First, let me get it out of the way in saying that I have the utmost respect for Mr. (Matt?) Mitchell and in this piece I mean him no harm. If there is any “shade” being thrown here it is all internally focused. You, dear reader, will also note that I am unsure of Mr. Mitchell’s first name. These are recollections from more than 30 years ago. All the more interesting that I have now become my Middle School Assistant Assistant Principle some 30 years on.
I have talked about Scioto County before; my birthplace in the Appalachian foothills in the Ohio River Valley. I love my home, so it is with perfect clarity that I see it for what it is: steeped in tradition, conservative, protestant, hard-working but not ambitious, provincial, suspicious of outsiders, rural, local, and individualistic. With two feet in the Midwest, but leaning hard to the American South, our people put practicality about 30 feet higher on the priority list than presentation.
My wife and I noted this on our last trip to Europe in which we sailed up and down the Douro River in Portugal. Even Europe’s squalor is classy. Old homes lay in ruin along the Douro, but all that is left is the timeless stonework. It looks like a Led Zeppelin album cover, mystical and legendary. No plastic flapping in the wind, no garbage strewn about. That cruise could never happen on the mighty Ohio River. Both the Douro and the Ohio are working rivers, but the scenery is not comparable. On the Ohio, manufactured homes with blue tarp serving as replacement shingles and plastic flapping from windows mar the otherwise picturesque greenery. I have digressed.
However, this practicality-over-presentation is exactly the point I want to illustrate. Mr. Mitchell held the position of Assistant Assistant Principal. Yes I know that sounds weird. This was the time when corporal punishment was still common in public schools. I am pretty sure that Assistant Assistant Principal was the school’s way of not calling Mr. Mitchell the “Corporal Punisher.” Mr. Mitchell was a HUGE man. A former football player, it was clear that he lived for the former glory. He was a coach on the all-important middle school football team. The only thing more important in the community than this team was the high school football team. Mr. Mitchell dressed like a coach. Every day. Polyester coach’s pants, white socks, all black training shoes that could be used for refereeing, coaching, or – in many cases around Scioto County – comfortable office shoes.
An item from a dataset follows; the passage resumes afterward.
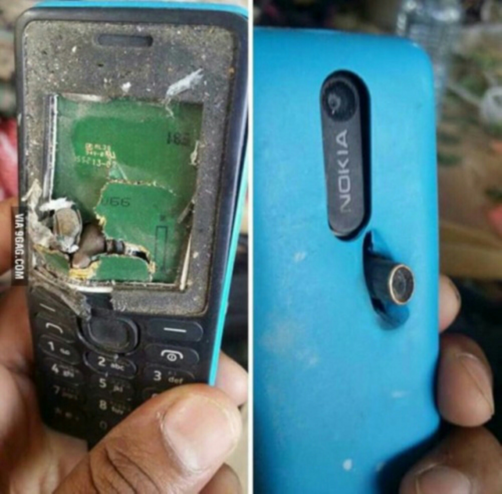 Peter Skillman, quien trabajó en el equipo que creó el teléfono a prueba de balas y ahora es director general de una división de Microsoft, publicó en Twitter una foto de un viejo Nokia atravesado por una bala.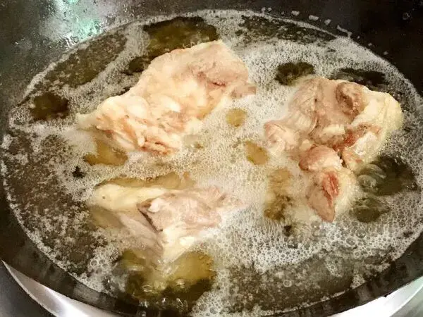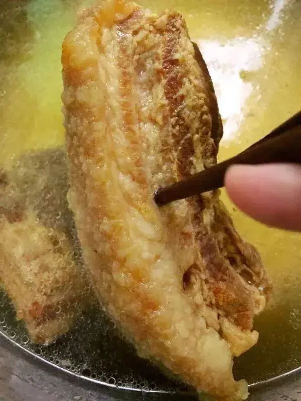 第四步,准备开始炸了!这步重要的在于选油,一定要选纯正的花生油,花生油炸出来的扣肉是最好的!而且最好不要将用过的油反复炸,容易将扣肉炸糊炸焦(用两次还好)在炸的时候如果怕技术不到家,可以在肉底下垫一块篱,不怕焦!

On hot days, he would swap out the coach’s pants for coach’s shorts: same polyester cut with double snaps at the waist, just cut above the knee to display calf muscles that could (and probably did) move automobiles.
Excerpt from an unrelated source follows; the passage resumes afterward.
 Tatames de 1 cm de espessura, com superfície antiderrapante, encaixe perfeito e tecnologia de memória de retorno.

As I dressed for work this morning, I slipped into my pro-golfer branded “Traveling Pants.” It was my wife and better half who pointed out that these are essentially the same as the 1980’s polyester coach’s pants. And yes of course, to help protect my feet from the day-to-day pounding I give them while running, climbing, biking, etc. I have paired my Traveling Pants with all black trainers. I don’t wear my all-black athletic shoes all day at the office, but I wear them to- and from- the office for comfort and to protect my office shoes from the often harsh Ohio elements. Practical. So this morning, I paused in front of the full length mirror to offer one last check before heading out the door and confirmed it. I have become my middle school Assistant Assistant Principal, only much less imposing.